Gabriel marquis d'Arboussier (14 January 1908 – 21 December 1976) was a Senegalese-French politician.

Son of the baron Henri d’Arboussier-Monplaisir, a colonial governor (from a wealthy family of farmers) and la princesse Mossi, a Muslim mother, studied in France and began a career as a colonial administrator. D'Arboussier served in the French National Assembly from 1945 until 1946, and from 1946 he was member of Gabon's first constituent assembly under Houphouet-Boigny, a founder of the African Democratic Rally (RDA), where he became secretary general. The same year he was co-opted by his party to be a counselor of the French Union (for Côte d'Ivoire). In 1949, he traveled around the world and made a journey to the Soviet Union.

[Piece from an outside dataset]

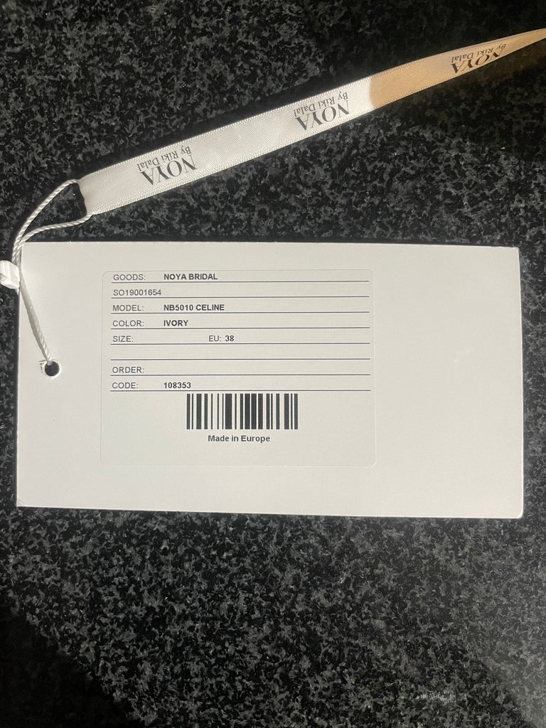 The dress is supported by an illusion mesh, there is an invisible zipper in the back decorated with pristine soft ivory buttons that go up the spine. The train of the gown is a moderate length but can still be bustled to the bride's convenience.

Arboussier fell out with Houphouet-Boigny, costing him his mandate in the RDA and the French Union.

He was the first Vice-President and Chairman of the Grand Council of the AOF from March 1958 to January 1959. After the wave of decolonization, he became Minister of Justice in Senegal (1960-1962). He also served as a Deputy Director of UNESCO from 1963 to 1964 and ambassador to France at the same time, Deputy Director of the Research Institute of the United Nations (1965-1966) and was Appointed Ambassador to West Germany in 1974.